Adnexitis refers to an inflammation of the female adnexa, which includes the fallopian tubes and the ovaries. Medically, it is also known as salpingo-oophoritis. The condition can affect one or both sides and is one of the most common gynecological infectious diseases. Without timely treatment, it can lead to serious complications, including chronic pelvic pain or infertility.

Causes

Adnexitis is most commonly caused by ascending bacterial infections. Pathogens travel from the vagina and cervix into the upper reproductive organs.

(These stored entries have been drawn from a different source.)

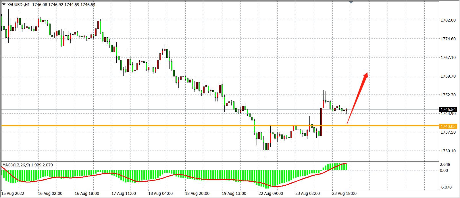 周二(8月23日)美国8月Markit服务业、制造业PMI双双创两年新低,另外,美国新屋销售出现年内第六次下滑,创下2016年初以来的最低增速。受经济数据走差的影响,美元指数冲高回落,现货黄金强势反弹,一度涨至1750美元上方,最终收涨0.69%。
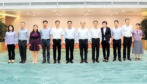 9月19日,张玉卓、赵东与第六批援疆干部及其家属合影。
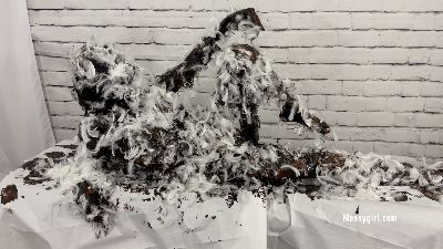 Young 19 year old Cassandra does the most disgusting thing in her life and that is becoming a human garbage disposal. Great reactions from her as she is covered in savory slop.
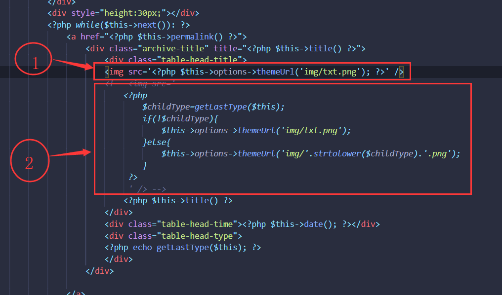 3、找到index.php和archive.php文件。把下图1部分代码删掉或注释,然后把2部分代码取消注释。
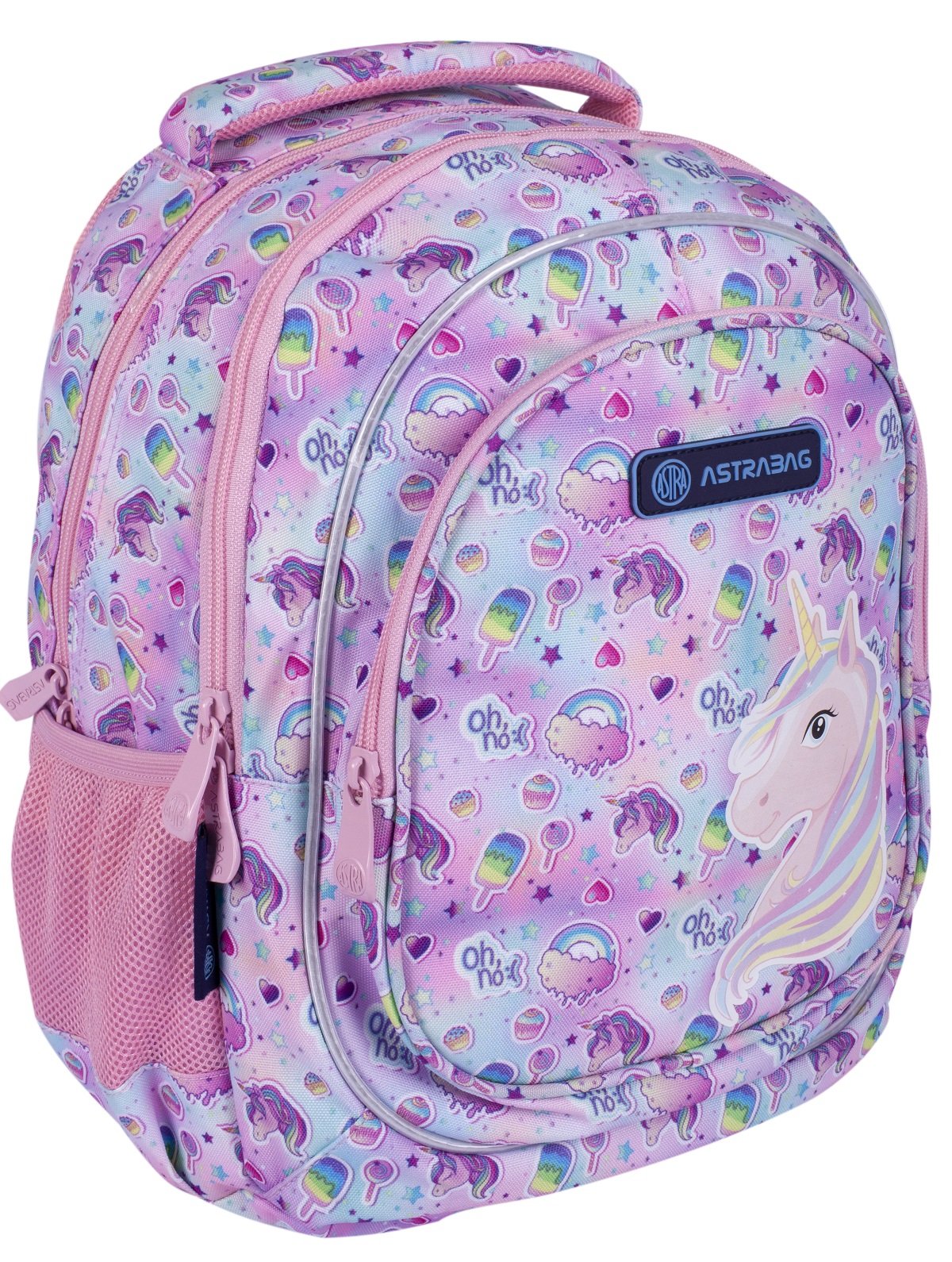 Poczuj się jak bohaterka swoich ulubionych kreskówek i stwórz własną historię z bajkowym plecakiem trzykomorowym Astrabag. Piękny pudrowy róż oraz pastelowy motyw jednorożców z całą pewnością skradnie serce niejednej dziewczynki zakochanej w tych baśniowych i mitycznych stworzeniach. Plecak szkolny cechuje się kompaktowymi wymiarami oraz niewielką wagą. Plecak szkolny Astrabag posiada trzy funkcjonalne komory wyposażone m.in. w praktyczną kieszonkę oraz organizer na drobiazgi. Zastosowano w nim najnowszą technologię Ergo Back minimalizującą naciski na barki i kręgosłup oraz zapewniającą poczucie komfortu dziecka. Dzięki niej ciężar na plecach rozkłada się równomiernie bez uciskania ramion.
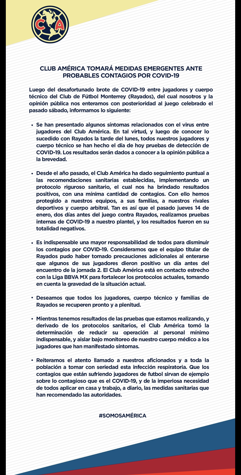 “Es indispensable una mayor responsabilidad de todos para disminuir los contagios por Covid-19. Consideramos que el equipo titular de Rayados pudo haber tomado precauciones adicionales al enterarse que algunos de sus jugadores dieron positivo un día antes del encuentro de la jornada 2. El Club América está en contacto estrecho con la Liga MX para fortalecer los protocolos actuales, tomando en cuenta la gravedad de la situación actual”.
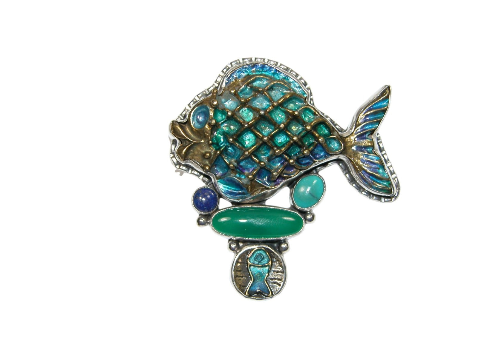 32629 Large Blue and Green Hand Enameled Fish with Green Onyx
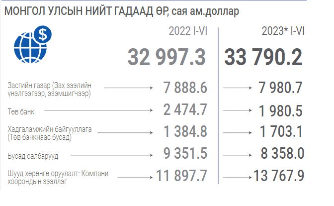 Монголбанкнаас гаргасан мэдээллээр 2022 оны эцсийн байдлаар Монгол Улс Засгийн газрын 7.6 тэрбум тэргүүтэй нийт 32.4 тэрбум ам.долларын гадаад өртэйг зарлаад байв. Тэгвэл Үндэсний статистикийн хорооноос гаргасан шинэ мэдээллээр 2023 оны наймдугаар сарын байдлаар улсын гадаад өр 33.7 тэрбум ам.доллар болж өсжээ.
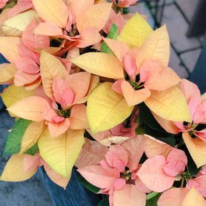 クリスマス用にお迎えしたゴールドとマース(ピンク)のポインセチアで🏷️エンジェル祭りに参加させてくださいね🥰 合言葉はズッキューン💘💘💘💘💘 2色楽しめるmix植えで、 ゴールドは、時間の経過とともにピーチイエローからオレンジイエローに変化します(ღ*ˇᴗˇ*)。o💕

  • Sexually transmitted pathogens: Chlamydia trachomatis and Neisseria gonorrhoeae are the most frequent causative agents.
  • Mixed infections: Multiple bacterial species are often involved, including anaerobes and enterobacteria.
  • Contributing factors: Multiple sexual partners, unprotected intercourse, recent uterine procedures (e.g., IUD insertion), or a previous episode of adnexitis.

Symptoms

Symptoms can vary depending on the severity of the inflammation. Common signs include:

  • Lower abdominal or pelvic pain, often on both sides
  • Fever and general malaise
  • Increased or altered vaginal discharge
  • Pain during sexual intercourse (dyspareunia)
  • Pain during urination or bowel movements
  • Irregular menstrual bleeding

In severe cases, a tubo-ovarian abscess may develop, a pus-filled abscess involving the fallopian tube and ovary that requires urgent treatment.

Diagnosis

The diagnosis of adnexitis is based on a combination of clinical examination, laboratory tests, and imaging:

  • Gynecological examination: Tenderness in the lower abdomen and cervical motion tenderness are typical findings.
  • Laboratory values: Elevated inflammatory markers such as CRP and white blood cell count, along with pathogen detection via swab cultures.
  • Ultrasound: Transvaginal ultrasound is used to evaluate the adnexa and rule out an abscess.
  • Laparoscopy: In unclear or severe cases, direct visualization via laparoscopy may be performed.

Treatment

Treatment depends on the severity of the condition and usually involves antibiotic therapy:

Outpatient Treatment

For mild to moderate cases, oral antibiotic therapy is possible. Combination regimens are typically used to cover the broad spectrum of potential pathogens (e.g., a cephalosporin combined with doxycycline and metronidazole). The treatment duration is usually 14 days.

Inpatient Treatment

Hospitalization is required in severe cases, suspected abscess, pregnancy, or when outpatient therapy fails to produce improvement. Intravenous antibiotics are administered in hospital. Surgical intervention may be necessary in the case of a tubo-ovarian abscess.

General Measures

  • Physical rest and reduced activity
  • Treatment of the sexual partner if a sexually transmitted pathogen is confirmed
  • Abstinence from sexual intercourse during treatment

Complications

If adnexitis is left untreated or treated too late, the following complications may occur:

  • Chronic adnexitis with persistent pelvic pain
  • Adhesions (scar tissue) within the abdominal cavity
  • Ectopic pregnancy due to scarring of the fallopian tubes
  • Infertility
  • Spread of infection to the peritoneum (peritonitis)

Prevention

The risk of adnexitis can be reduced through the following measures:

  • Using condoms to prevent sexually transmitted infections
  • Regular gynecological check-ups
  • Early treatment of pelvic infections

References

  1. Deutsche Gesellschaft fur Gynakologie und Geburtshilfe (DGGG) - Guideline on the Diagnosis and Treatment of Adnexitis (2019).
  2. Workowski KA, Bachmann LH et al. - Sexually Transmitted Infections Treatment Guidelines. MMWR Recomm Rep. 2021;70(4):1-187.
  3. Berek JS (ed.) - Berek and Novak's Gynecology. 16th edition. Wolters Kluwer, 2020.